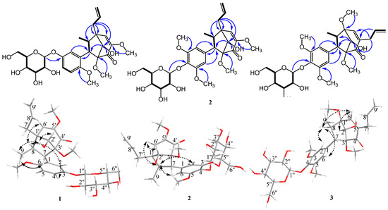 Compound 1 was isolated as a white amorphous powder. Its molecular formula was established as C27H36O11 using HR-ESI-MS. The 1H NMR spectrum (Table 1) showed the presence of an ABX system of aromatic protons at δH 6.47 (t, J = 2.0 Hz, H-2), 6.48 (dd, J = 8.0, 2.0 Hz, H-4), and 6.87 (d, J = 8.0 Hz, H-5), as well as an allyl group suggested from the COSY spectrum at δH 2.30 (dd, J = 13.7, 7.0 Hz, H-7′a), 2.63 (dd, J = 13.7, 7.0 Hz, H-7′b), 5.14 (td, J = 10.0 Hz, H-9′a), 5.27 (d, J = 17.0 Hz, H-9′b), and 5.93 (td, J = 17.0, 7.0 Hz, H-8′), and 3.24 (m, H-7)/2.13 (p, J = 7.0 Hz, H-8), and a signal assigned to the anomeric proton of the glucosyl moiety at δH 4.84 (d, J = 7.2 Hz, H-1″). Other proton signals suggested three methoxyl groups at δH 3.16 (s, 3′-OMe), 3.56 (s, 5′-OMe), and 3.64 (s, 6-OMe), as well as a methyl group attached to the aliphatic carbon at δH 1.15 (d, J = 7.0 Hz, H-9). The 13C NMR spectrum indicated the presence of six aromatic carbons at δC 112.4 (C-2), 114.3 (C-5), 121.4 (C-4), 132.4 (C-1), 145.2 (C-3), and 148.0 (C-6) and a glucosyl moiety at δC 60.4 (C-6″), 69.5 (C-4″), 73.1 (C-2″), 76.8 (C-3″), 76.9 (C-5″), and 99.6 (C-1″). Other signals, such as a carbinol carbon at δC 78.1 (C-2′); an allyl group at δC 34.1 (C-7′), 118.0 (C-9′), and 135.3 (C-8′); olefinic carbons at δC 126.6 (C-6′) and 151.6 (C-5′); two quaternary carbons at δC 48.6 (C-1′) and 96.1 (C-3′); and a carbonyl group at δC 192.4 (C-4′), indicated a bicyclo[3.2.1]octane derivative, which was similar to compound 4. Therefore, both 1H and 13C NMR spectra demonstrated that compound 1 was a bicyclo[3.2.1]octane lignan derivative. The connection between aromatic ring, glycosyl group, and bicyclo[3.2.1]octane of compound 1 was unambiguously assigned based on HMBC spectra (Figure 2). Key HMBC correlations between H-2′ (δH 3.81)/C-4′ (δC 192.4) and C-7 (δC 57.9) indicate the connection between the C3-bicyclooctane moiety at C-3′. Similarly, H-7′ (δH 2.30 and 2.63)/C-1′ (δC 48.6), C-2′ (δC 78.1), C-6′ (δC 126.6), and C-8 (δC 47.8) further supported the presence of the C3-bicyclooctane moiety at C-1′ (δC 48.6) and the assigned position of an allyl group at C-1′. The correlation between H-1″ (δH 4.84) and 145.2 (C-3) indicated that the glycosyl group was attached at C-7 of the aromatic ring. These data led to the identification of a guianin-type 7.1′,8.3′-connected neolignan skeleton of compound 1.
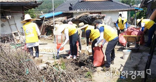 이날 회원들은 낮 한 때 수은주가 30도를 넘는 찜통더위에도 장흥읍 월평리의 한 장애독거노인 가정을 방문하여 쓰레기 수거, 나무 및 잡초제거, 집안청소 등을 도왔다.
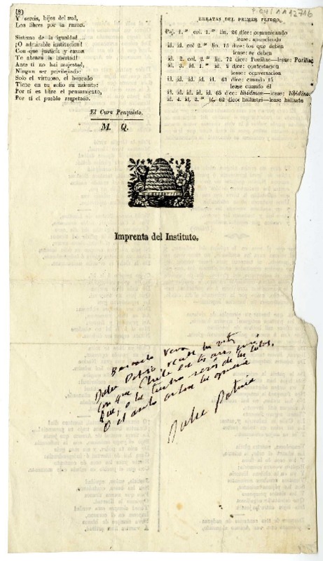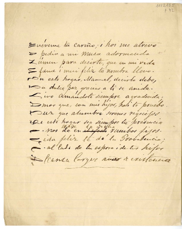 Acróstico 1 [manuscrito] Eusebio Lillo.
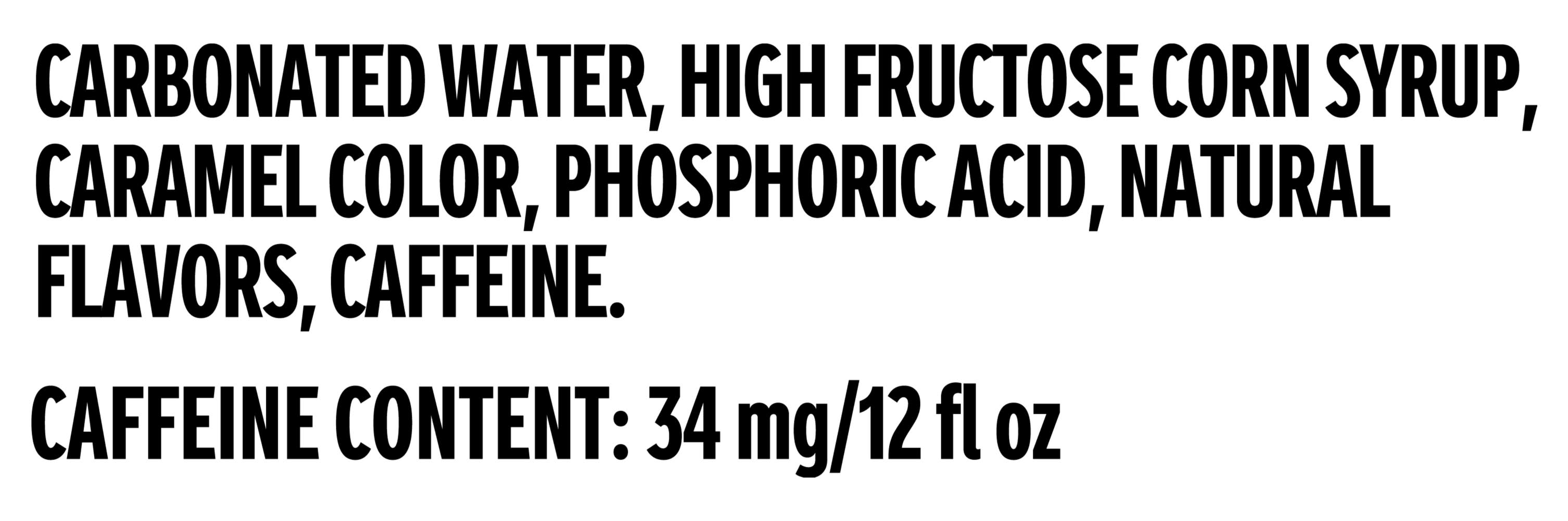 Ingredients: Carbonated Water, High Fructose Corn Syrup, Caramel Color, Phosphoric Acid, Natural Flavors, Caffeine. Contains: Corn
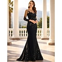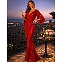 Trompet zeemeermin Tot de grond Galajurken Avondjurken Baljurk Formele kleding Glitter & Sprankel Sexy Lange mouw V-hals Formeel Bruiloft gast Herfst huwelijksreceptie Pailletten met Strik(ken |
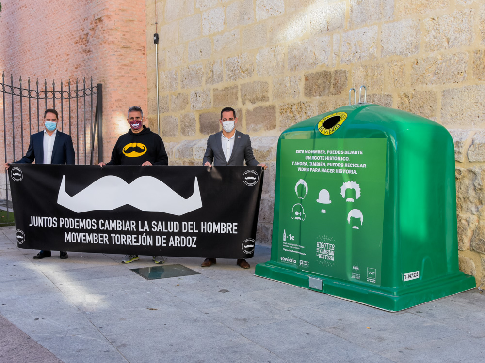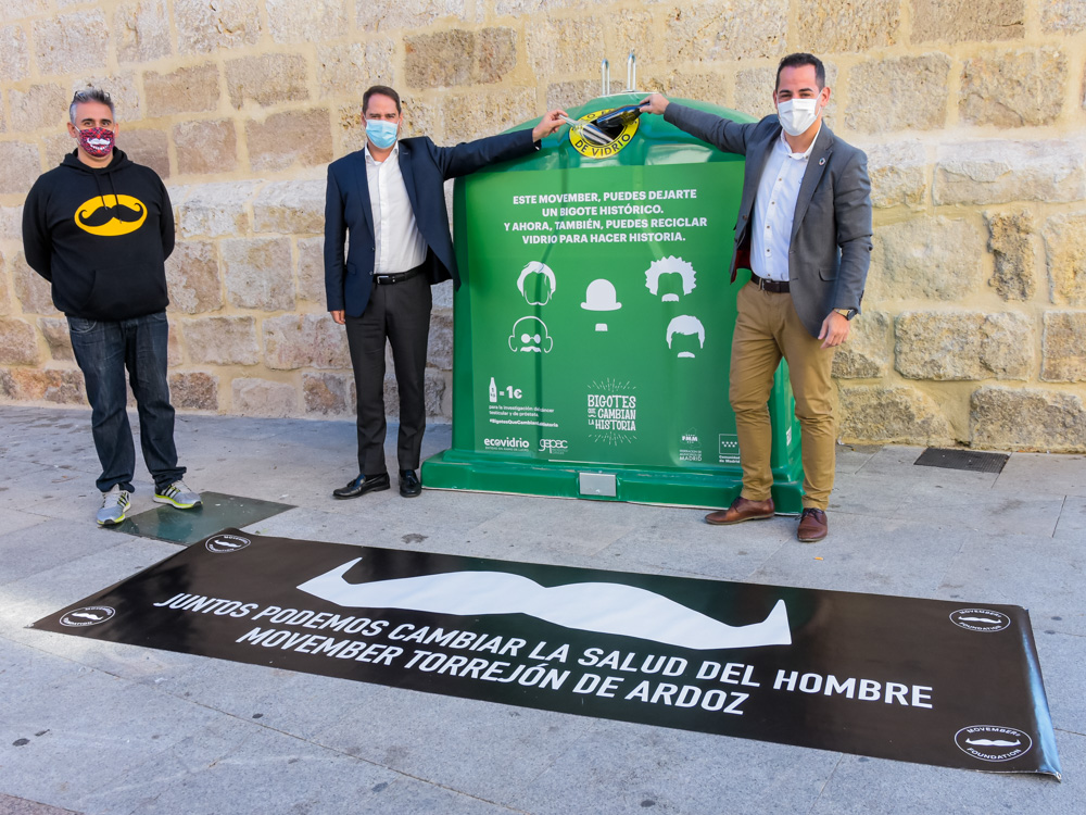 Torrejón de Ardoz se suma a través de la campaña organizada por Ecovidrio, la entidad sin ánimo de lucro encargada de la gestión del reciclado de los residuos de envases de vidrio en España, a Movember, el movimiento que lucha contra el cáncer testicular y de próstata. El alcalde, Ignacio Vázquez, el responsable de Ecovidrio, Ricardo Sevilla, y el coordinador del movimiento Movember en la ciudad, Luis Sáez, han presentado esta mañana la iniciativa que tiene como objetivo movilizar a los ciudadanos a reciclar envases de vidrio y contribuir así con una causa solidaria y luchar contra el cáncer testicular y de próstata.
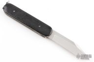 This Switch Army Switchblade by Chuck Gedraitis features a satin finished blade with false top edge. The handle has Vintage black rag micarta scales, orange peel finished titanium liners and backspacer with lanyard hole. Has tweezers and toothpick like a Swiss Army Knife. Nice action, lockup and blade seating. Comes with a zippered case. Has a couple very light scratches, otherwise excellent condition. Comes with COA and a beaded lanyard.
····················
Your assignment:
Reproduce all the entries above exactly. Include no images.

Response box:
 Compound 1 was isolated as a white amorphous powder. Its molecular formula was established as C27H36O11 using HR-ESI-MS. The 1H NMR spectrum (Table 1) showed the presence of an ABX system of aromatic protons at δH 6.47 (t, J = 2.0 Hz, H-2), 6.48 (dd, J = 8.0, 2.0 Hz, H-4), and 6.87 (d, J = 8.0 Hz, H-5), as well as an allyl group suggested from the COSY spectrum at δH 2.30 (dd, J = 13.7, 7.0 Hz, H-7′a), 2.63 (dd, J = 13.7, 7.0 Hz, H-7′b), 5.14 (td, J = 10.0 Hz, H-9′a), 5.27 (d, J = 17.0 Hz, H-9′b), and 5.93 (td, J = 17.0, 7.0 Hz, H-8′), and 3.24 (m, H-7)/2.13 (p, J = 7.0 Hz, H-8), and a signal assigned to the anomeric proton of the glucosyl moiety at δH 4.84 (d, J = 7.2 Hz, H-1″). Other proton signals suggested three methoxyl groups at δH 3.16 (s, 3′-OMe), 3.56 (s, 5′-OMe), and 3.64 (s, 6-OMe), as well as a methyl group attached to the aliphatic carbon at δH 1.15 (d, J = 7.0 Hz, H-9). The 13C NMR spectrum indicated the presence of six aromatic carbons at δC 112.4 (C-2), 114.3 (C-5), 121.4 (C-4), 132.4 (C-1), 145.2 (C-3), and 148.0 (C-6) and a glucosyl moiety at δC 60.4 (C-6″), 69.5 (C-4″), 73.1 (C-2″), 76.8 (C-3″), 76.9 (C-5″), and 99.6 (C-1″). Other signals, such as a carbinol carbon at δC 78.1 (C-2′); an allyl group at δC 34.1 (C-7′), 118.0 (C-9′), and 135.3 (C-8′); olefinic carbons at δC 126.6 (C-6′) and 151.6 (C-5′); two quaternary carbons at δC 48.6 (C-1′) and 96.1 (C-3′); and a carbonyl group at δC 192.4 (C-4′), indicated a bicyclo[3.2.1]octane derivative, which was similar to compound 4. Therefore, both 1H and 13C NMR spectra demonstrated that compound 1 was a bicyclo[3.2.1]octane lignan derivative. The connection between aromatic ring, glycosyl group, and bicyclo[3.2.1]octane of compound 1 was unambiguously assigned based on HMBC spectra (Figure 2). Key HMBC correlations between H-2′ (δH 3.81)/C-4′ (δC 192.4) and C-7 (δC 57.9) indicate the connection between the C3-bicyclooctane moiety at C-3′. Similarly, H-7′ (δH 2.30 and 2.63)/C-1′ (δC 48.6), C-2′ (δC 78.1), C-6′ (δC 126.6), and C-8 (δC 47.8) further supported the presence of the C3-bicyclooctane moiety at C-1′ (δC 48.6) and the assigned position of an allyl group at C-1′. The correlation between H-1″ (δH 4.84) and 145.2 (C-3) indicated that the glycosyl group was attached at C-7 of the aromatic ring. These data led to the identification of a guianin-type 7.1′,8.3′-connected neolignan skeleton of compound 1.
 이날 회원들은 낮 한 때 수은주가 30도를 넘는 찜통더위에도 장흥읍 월평리의 한 장애독거노인 가정을 방문하여 쓰레기 수거, 나무 및 잡초제거, 집안청소 등을 도왔다.
 Acróstico 1 [manuscrito] Eusebio Lillo.
 Ingredients: Carbonated Water, High Fructose Corn Syrup, Caramel Color, Phosphoric Acid, Natural Flavors, Caffeine. Contains: Corn
 Trompet zeemeermin Tot de grond Galajurken Avondjurken Baljurk Formele kleding Glitter & Sprankel Sexy Lange mouw V-hals Formeel Bruiloft gast Herfst huwelijksreceptie Pailletten met Strik(ken |
 Torrejón de Ardoz se suma a través de la campaña organizada por Ecovidrio, la entidad sin ánimo de lucro encargada de la gestión del reciclado de los residuos de envases de vidrio en España, a Movember, el movimiento que lucha contra el cáncer testicular y de próstata. El alcalde, Ignacio Vázquez, el responsable de Ecovidrio, Ricardo Sevilla, y el coordinador del movimiento Movember en la ciudad, Luis Sáez, han presentado esta mañana la iniciativa que tiene como objetivo movilizar a los ciudadanos a reciclar envases de vidrio y contribuir así con una causa solidaria y luchar contra el cáncer testicular y de próstata.
 This Switch Army Switchblade by Chuck Gedraitis features a satin finished blade with false top edge. The handle has Vintage black rag micarta scales, orange peel finished titanium liners and backspacer with lanyard hole. Has tweezers and toothpick like a Swiss Army Knife. Nice action, lockup and blade seating. Comes with a zippered case. Has a couple very light scratches, otherwise excellent condition. Comes with COA and a beaded lanyard.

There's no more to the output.